Exercise instructions: An exact transcription is needed, starting at the line containing "El pasado jueves" and running through the last line of the records, with every picture left out.

Extracted data entries
•••
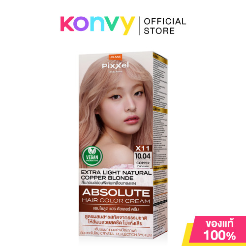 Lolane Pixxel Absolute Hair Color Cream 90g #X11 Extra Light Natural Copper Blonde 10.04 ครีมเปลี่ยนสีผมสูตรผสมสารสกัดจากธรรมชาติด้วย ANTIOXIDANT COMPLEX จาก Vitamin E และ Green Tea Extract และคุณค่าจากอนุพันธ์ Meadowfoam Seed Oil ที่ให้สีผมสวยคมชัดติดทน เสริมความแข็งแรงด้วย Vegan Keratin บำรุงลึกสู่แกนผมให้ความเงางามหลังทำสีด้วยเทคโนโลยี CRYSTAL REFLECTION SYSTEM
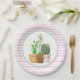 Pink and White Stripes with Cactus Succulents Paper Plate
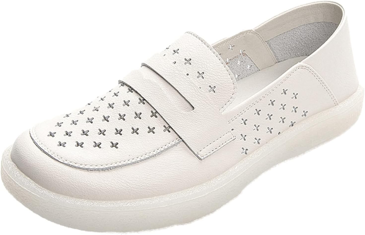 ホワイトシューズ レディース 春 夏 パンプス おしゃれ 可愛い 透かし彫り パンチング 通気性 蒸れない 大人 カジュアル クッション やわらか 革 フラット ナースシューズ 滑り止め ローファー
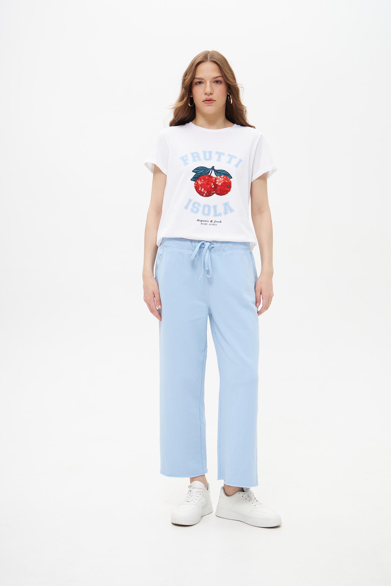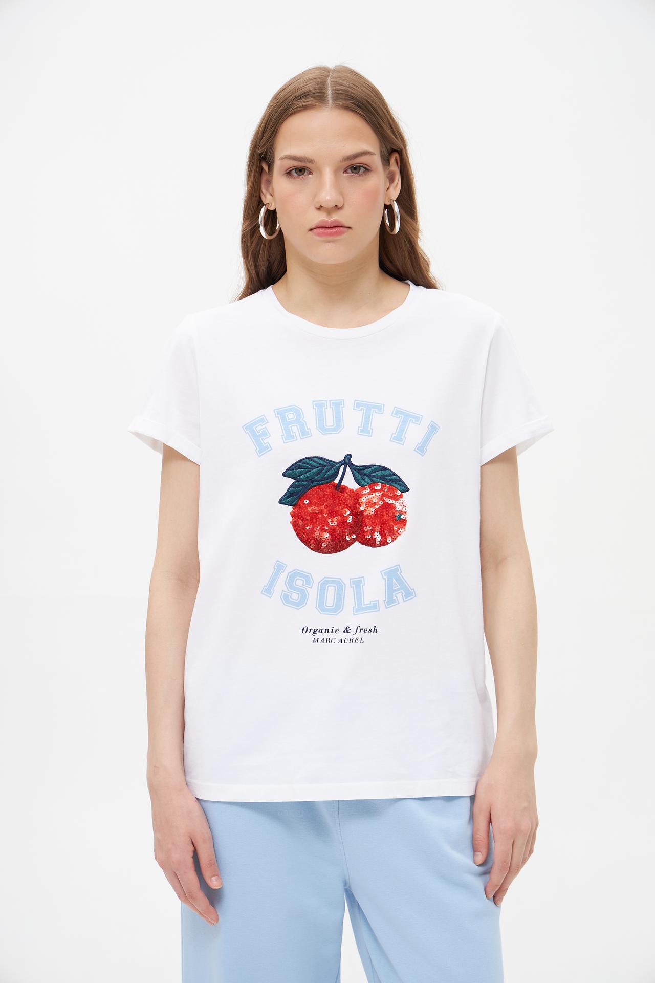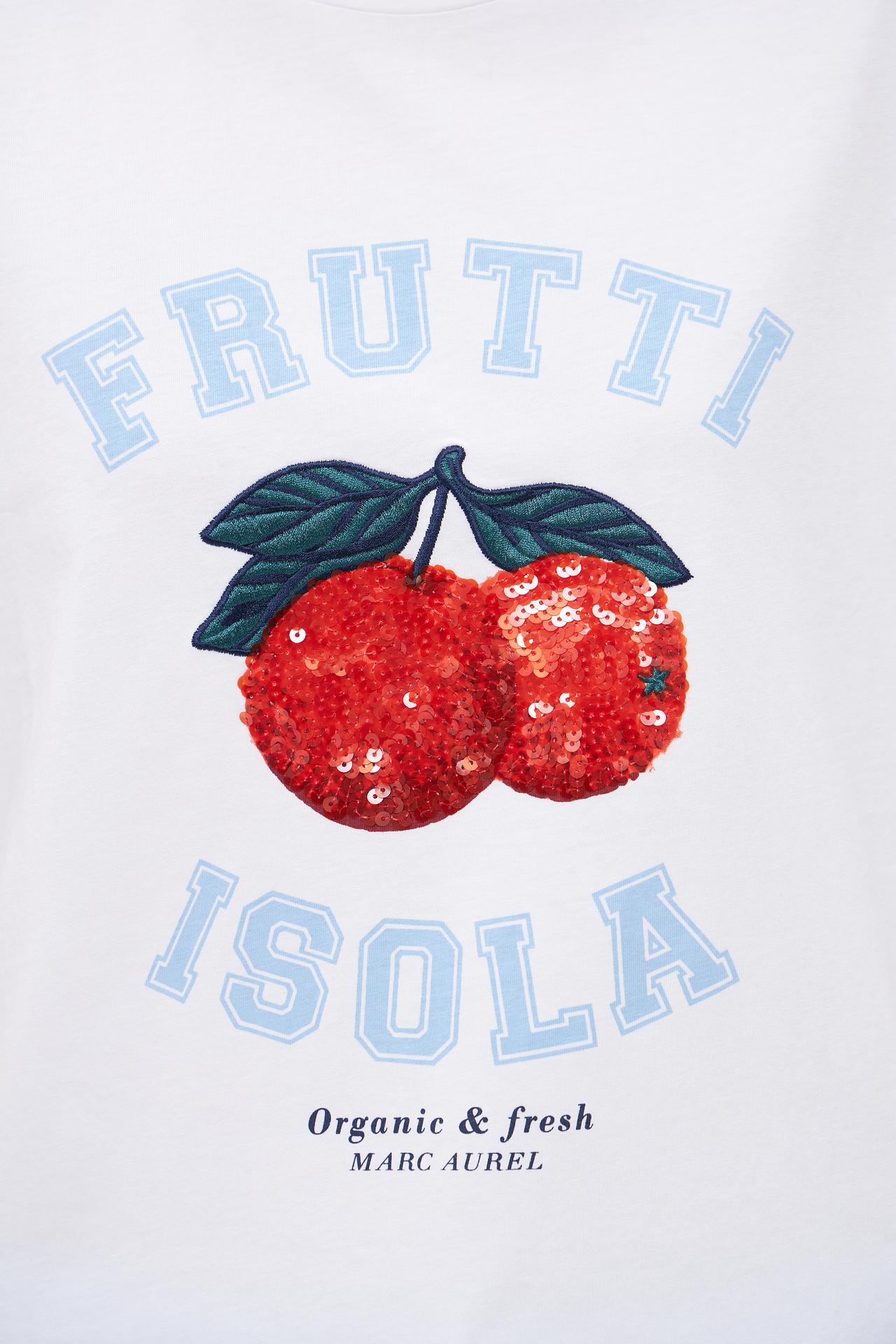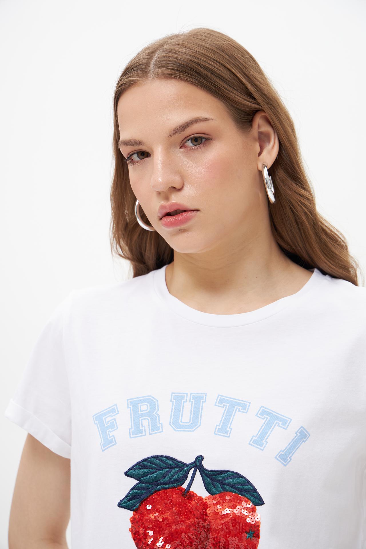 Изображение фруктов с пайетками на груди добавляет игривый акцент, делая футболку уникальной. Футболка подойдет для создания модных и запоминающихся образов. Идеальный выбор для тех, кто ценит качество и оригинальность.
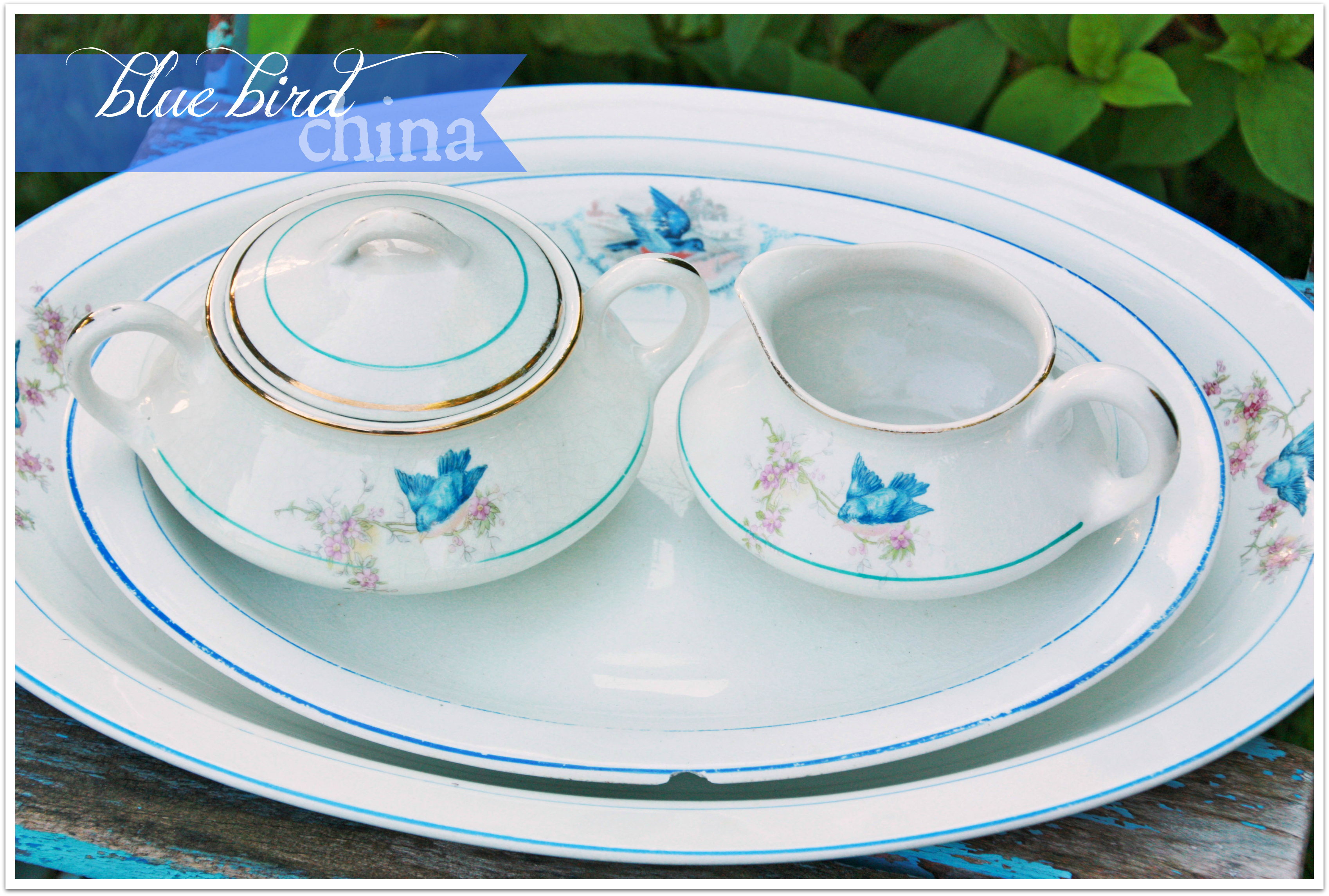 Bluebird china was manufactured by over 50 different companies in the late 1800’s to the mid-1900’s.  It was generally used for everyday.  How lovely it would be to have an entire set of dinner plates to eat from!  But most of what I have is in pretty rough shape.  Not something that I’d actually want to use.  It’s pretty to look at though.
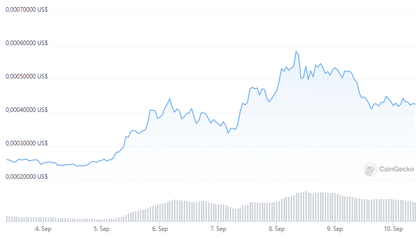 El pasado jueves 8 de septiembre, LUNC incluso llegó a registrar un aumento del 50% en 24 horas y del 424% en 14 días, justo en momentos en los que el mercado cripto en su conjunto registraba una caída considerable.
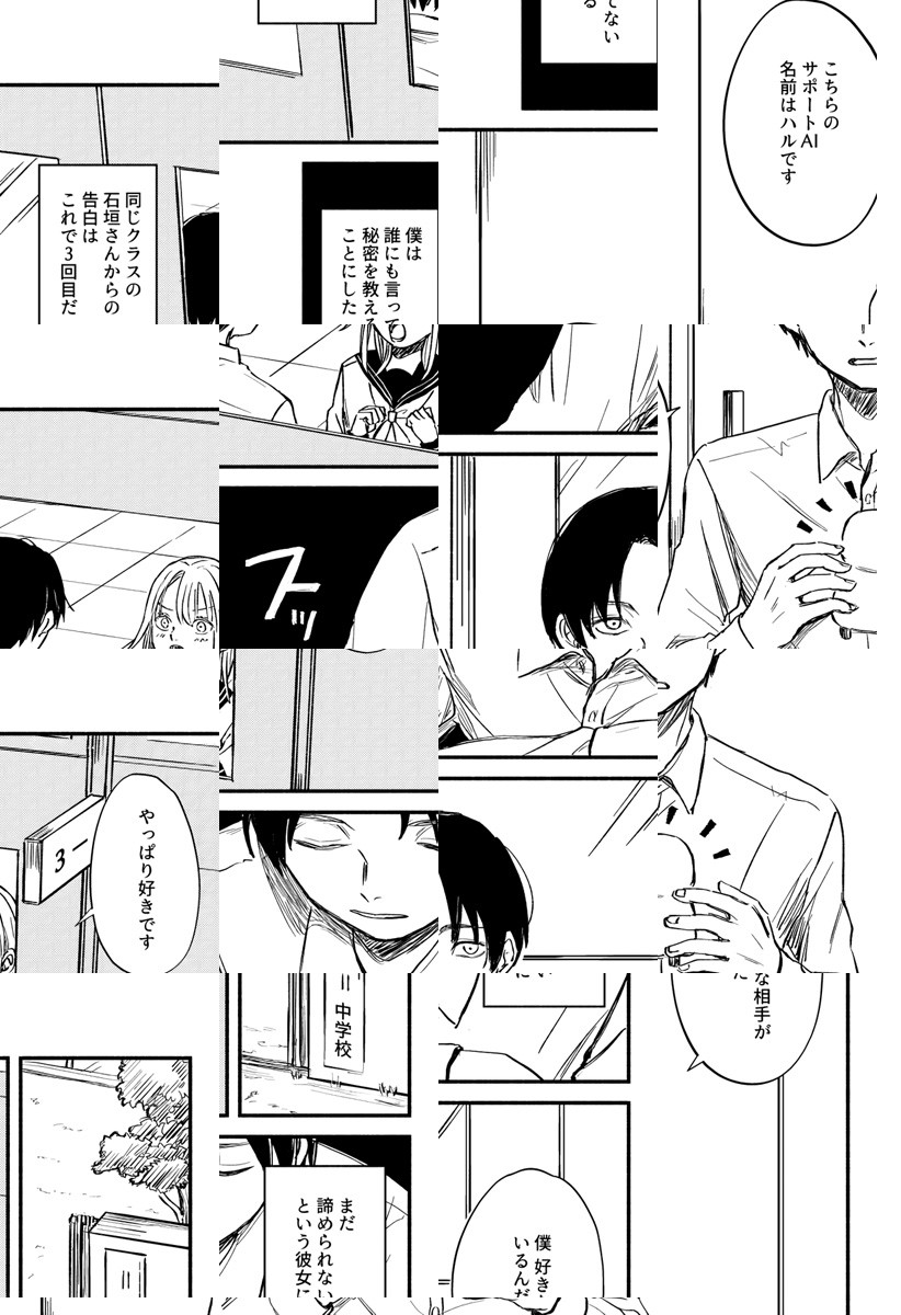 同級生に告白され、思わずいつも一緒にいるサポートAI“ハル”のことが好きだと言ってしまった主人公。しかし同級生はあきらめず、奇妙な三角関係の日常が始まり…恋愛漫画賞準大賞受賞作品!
•••
Result:
 El pasado jueves 8 de septiembre, LUNC incluso llegó a registrar un aumento del 50% en 24 horas y del 424% en 14 días, justo en momentos en los que el mercado cripto en su conjunto registraba una caída considerable.
 同級生に告白され、思わずいつも一緒にいるサポートAI“ハル”のことが好きだと言ってしまった主人公。しかし同級生はあきらめず、奇妙な三角関係の日常が始まり…恋愛漫画賞準大賞受賞作品!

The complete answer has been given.